I’m slowly learning to trust that my heart knows what it needs.

I’m slowly learning that my heart’s purpose is not just to pump blood and nutrients to all of my body’s cells. My heart not only keeps me alive, but it gives me reasons to live.

I’m slowly learning that my heart truly knows what it’s best for me. I’m learning to sync my mind with the rhythm of my heart so I can better perceive the messages that my heart is sending through my veins to my brain.

I’m slowly learning to be more in touch with the strongest organ in my body. My heart has always been strong enough to overcome the worst situations. My heart is powerful. It has been broken and battered, but despite being bruised and scarred, it keeps on beating. My heart has always kept on going even when my mind shut down and stopped working. My heart has kept me going while my own mind was trying to destroy me.

I’m slowly learning to trust my heart as the inner guidance that ushers me through life. I am learning to not rely on my mind and to let my heart take the lead. My heart knows which roads I should take and which roads I should avoid. My heart knows the direction that my life should follow. It knows just how to get me to my destination.

I’m slowly learning to trust my heart and be patient. I am learning that things and people will show up when they’re supposed to, lessons will manifest when I need them, blessings will come when the time is right, and that my heart will direct me to the right people, but will also tell me to walk away from those that are not good for my soul.

I’m slowly learning to let out all the blocked emotions of an overlooked heart. I’m slowly opening the doors of my heart that have been closed for so long, and as they open, I will have to face old emotional wounds and difficult feelings. But I am finally doing what my heart needs—I am letting myself feel so I can find peace.

I’m slowly learning that my heart knows things that it takes time for my mind to process. I knew from an early age that I wanted to be a writer. My heart knew that; my heart has always known that. But it took years for my mind to start believing in the possibility that I could become one.

I’m slowly learning to go deep within my heart to uncover the answers to many questions; my heart knows what it is I need to do to discover passion, love, and purpose. All the answers are inside its inner chambers, where the truth resides. All the wisdom I need emanates from within.

I’m slowing learning to trust my heart when something doesn’t feel right. I am learning to pay close attention to the signals it sends to my body to warn me about a situation, place or a person. I am learning to trust that my heart has the knowledge I need to make the decision that’s right for me.
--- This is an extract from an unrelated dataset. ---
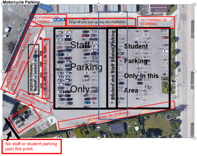 5) Parking for Grade 12 students is on a first-come first-served basis. A Grade 12 parking pass gives the student the right to park in the student parking area of the lot, it does not give the student a right to a parking spot. Students who cannot find a place to park in the parking lot will have find a legal parking spot on the street in the surrounding neighbourhoods.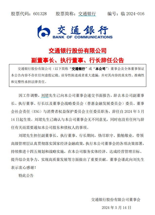 5月14日,交通银行发布公告称,因工作调整,刘珺已向该行董事会递交书面报告,辞去副董事长、执行董事、行长以及董事会战略委员会(普惠金融发展委员会)委员、董事会社会责任(ESG)与消费者权益保护委员会主任委员职务,辞任自2024年5月14日起生效。

I’m slowly learning that what my heart needs does not have a price tag or a title. What my heart needs are things that cannot be seen but can be felt. My heart needs to be heard. It needs to be loved. It needs to be acknowledged. It needs to feel. It needs to be taken cared of, and most importantly, it needs to feel free.

I’m slowly learning that trusting my heart is not an easy task. It requires courage and a willingness to feel deeply and be vulnerable. But there are many gifts inside the walls of my heart waiting to be unwrapped. All I have to do is trust my heart and what it needs.

I’m slowly learning that my heart cares a lot about me, my well-being, happiness, and my growth.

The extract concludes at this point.